Из-под кровати высунула морду дворняга и лизнула Кривцову пальцы — деранула, будто наждачной бумагой. Игорь Николаевич вздрогнул от неожиданности и отдернул руку. Михалкин перевел дух, промочил горло очередной порцией коньяка и продолжал:
— Здесь начкон Степного конного завода, того самого, где пал второй из купленных в Швеции жеребцов. Живет в гостинице «Бега». Мужик рисковый, никого не боится. Кстати, заядлый тотошник и не дурак выпить. Раньше его прикрывал отец — партийная шишка областная. Теперь — уж не знаю кто, но характер у него не изменился. Разговор у нас был как раз об этом. Так вот, он где угодно готов подтвердить, что жеребец был негоден для племенной работы и Решетников знал об этом еще тогда, когда можно было выставить рекламацию. Вы можете поговорить с ним. Он рвет и мечет. Решетников уговорил его выложить за жеребца крупную сумму, пообещал помочь с приватизацией конного завода, но обещание не выполнил и, по-видимому, не собирается. Начкон грозится обратиться в прокуратуру и предъявить необходимые доказательства вины Решетникова. Злой, как с цепи сорвался. Мы вчера с ним дотемна просидели.

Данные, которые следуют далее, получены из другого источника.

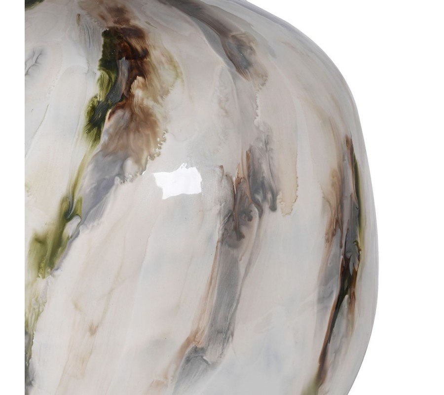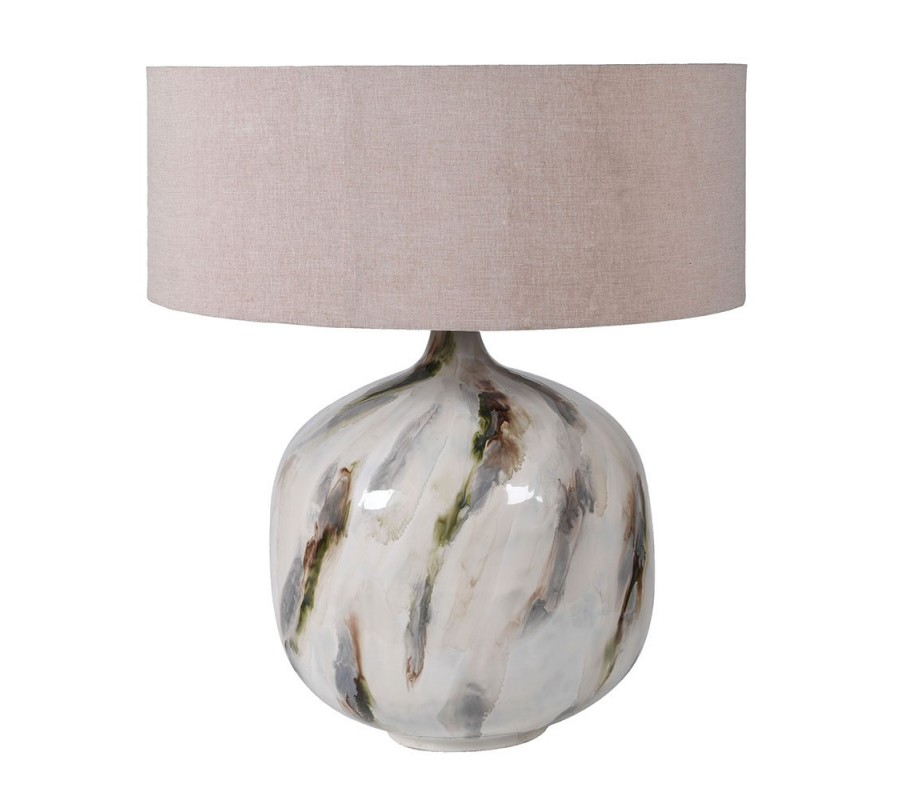 Štýlová kovová lampa má výrazný, guľatý podstavec, ktorý zaujme svojou dekoratívnou povrchovou úpravou. Povrch podstavca je pokrytý jemnými farebnými ťahmi, ktoré sa prelínajú v odtieňoch bielej, šedej, zelenej a hnedej, čo vytvára dojem umeleckého diela s prírodným nádychom. Lesklý povrch kovu odráža svetlo a pridáva lampe luxusný vzhľad, pričom náhodné farebné prechody pôsobia ako abstraktná krajina, pripomínajúca pokojný les alebo zahmlenú prírodu. Tienidlo lampy je vyrobené z mäkkej ľanovej textílie v béžovom odtieni, ktorý perfektne kontrastuje s umeleckým podstavcom. Jeho veľký, valcovitý tvar zaručuje rovnomerné a rozptýlené osvetlenie, čím vytvára v priestore teplú a príjemnú atmosféru. Jemný odtieň textílie harmonizuje s prírodnými farbami podstavca, takže lampa nepôsobí rušivo, ale naopak, pridáva priestoru elegantný a vyvážený dojem.

— Анатолий Иванович, к вам можно?
— Заходи, кто там? А, Валерик… Я тебя ждал раньше.
— Не мог. У Кочеткова два жеребца расковались. Зачем звали, Анатолий Иванович?
— Посмотри колесо у призовой качалки. Что-то болтается.
— Очень срочно?
— Желательно не тянуть. Посмотри и скажешь, сколько это будет стоить.
— Смотрю, вы нарасхват, Валерий. О моей просьбе не забыли?
— Решетку для камина и кочережки?
— Надо же, помните.
— У меня правило: куй железо, не отходя от кассы.
— И как успехи?
— Кочережки готовы. Детали решетки отковал. Осталось собрать.
— Хотелось бы посмотреть. Не возражаете?
— Ради бога. Когда зайдете?
— Думаю, минут через сорок.
— Хорошо, буду вас ждать.
Дворняга опять выглянула из-под кровати и, оскалив зубы, зарычала на кузнеца. Он в испуге шарахнулся от нее.
— Ты что, дура, баранины обожралась?
— Это — свои. Свои, — успокоил собаку наездник.
«Все свои по спине разбежались», — хмыкнул Кривцов.
— Качалка в тамбуре. Старший конюх покажет. Когда посмотришь, загляни ко мне.
Кузнец вышел. Выждав с минуту, Михалкин заметил:
— С червоточиной вьюнош. Добром не кончит.
— Хочу на лошадок твоих взглянуть. Не покажешь?
Наездник посмотрел на часы.
— Пойдемте. Сейчас самое время. Кормление закончили.
В конюшне было почти темно. Дежурная лампочка тускнела в конце прохода. Слабый свет сочился из квадратных окошек, прорубленных под потолком. Пылинки соломы, вихрящиеся в мутноватых пучках света, искрились, словно блестки на сказочной декорации. Время от времени из глубины слышались то протяжный вздох, то какие-то неясные звуки, похожие на бормотание во сне или непроизвольный шепот в глубоком раздумье. Отовсюду ползли смутные шорохи, мерещилась возня невидимых существ: может, гномов, а может быть, это овеществлялись переживания лошадей, их воспоминания о прошлых жизнях.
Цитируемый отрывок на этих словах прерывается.